Neuromorphic computer vision: overcoming 3D limitations

PDF version | Permalink

Ryad Benosman

25 June 2012

A complete stereovision event-based framework to compute depth uses the output of two asynchronous, stimulus-based silicon retinas.

Asynchronous, event-based artificial retinas¹ are introducing a shift in current methods of tackling visual signal processing.^2–4 Conventional frame-based image acquisition and processing technologies are not designed to take full advantage of the dynamic characteristics of visual scenes. A collection of snapshots is static and contains much redundant information. That is because every pixel is sampled repetitively, even if its value is unchanged, and thus unnecessarily digitized, transmitted, and finally stored.⁵ This waste of resources significantly limits memory and computational time in computer vision applications.
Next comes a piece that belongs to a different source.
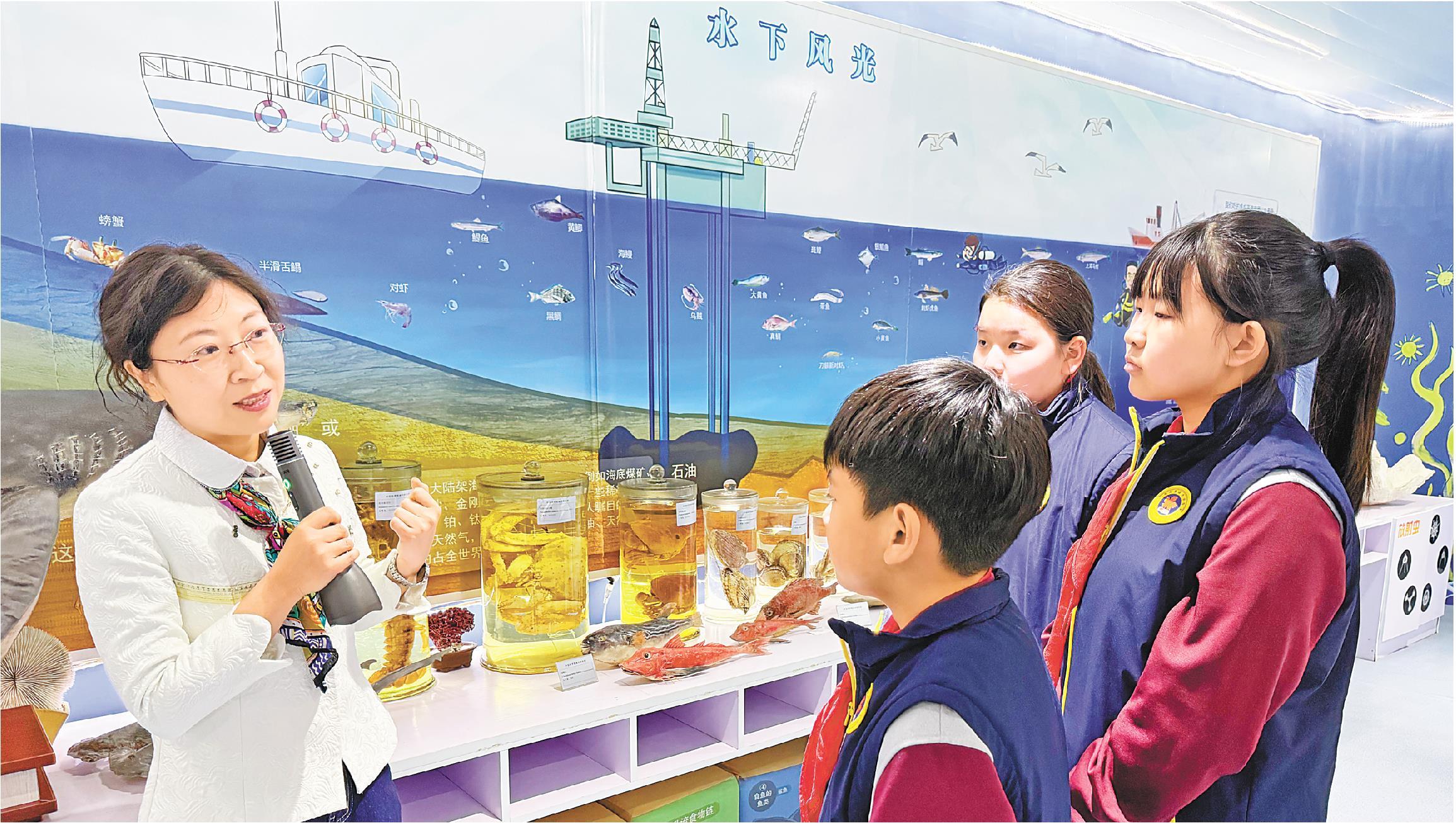 4月2日,在青岛嘉峪关学校海洋馆标本展示区,中国科学院海洋研究所郭琳博士(左一)向小学生讲解海洋标本知识。
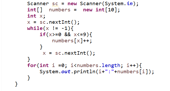 让我们更加有效的去理解数组的下标是怎么回事,这个就是我们投票统计的代码,在scanner下面的那个代码

Event-based dynamic vision sensors (DVSs)⁶ provide a novel and efficient way of encoding light and its temporal variations by asynchronously reacting and transmitting only the scene changes at the exact time they occur.^{5, 7–14} This is similar to retinal outputs, which are massively parallel, asynchronous, and data-driven according to the information retrieved in scenes.¹⁵

Here, we describe work on time-oriented computation of 3D information^2,3 that introduces event-based computation into computer vision techniques such as calibration and stereo matching. This approach uses two DVS models⁵ whose acquisition principle is shown in Figure 1. The DVS models the transient responses of the retina,¹⁶ uses an address-event representation with 128×128 pixels, and has an output of asynchronous address events that signal scene-reflectance changes as they happen. Each pixel is independent and detects changes in log intensity larger than a threshold since the last event emitted (typically 15% contrast). When the change in log intensity exceeds a set threshold, a signed event is generated by the pixel depending on whether the log intensity increased or decreased. Since the DVS is not clocked like conventional cameras, the timing of events can be conveyed with a very high temporal resolution of approximately 1μs. Thus, the frame rate is typically several kilohertz. The stream of events from the retina can be −1 or +1 polarity when a negative or a positive contrast change is detected. The absence of events when no contrast change is detected implies that redundant visual information usually recorded in frames is not carried in the stream of events.

Figure 1.

Left: The dynamic vision sensor (DVS) silicon retina. Right: Adapted principle of DVS pixel event generation. Events with +1 or - 1 polarity are emitted when the change in log intensity exceeds a predefined threshold. I: Intensity. ev: Event. p: Pixel. t: Time.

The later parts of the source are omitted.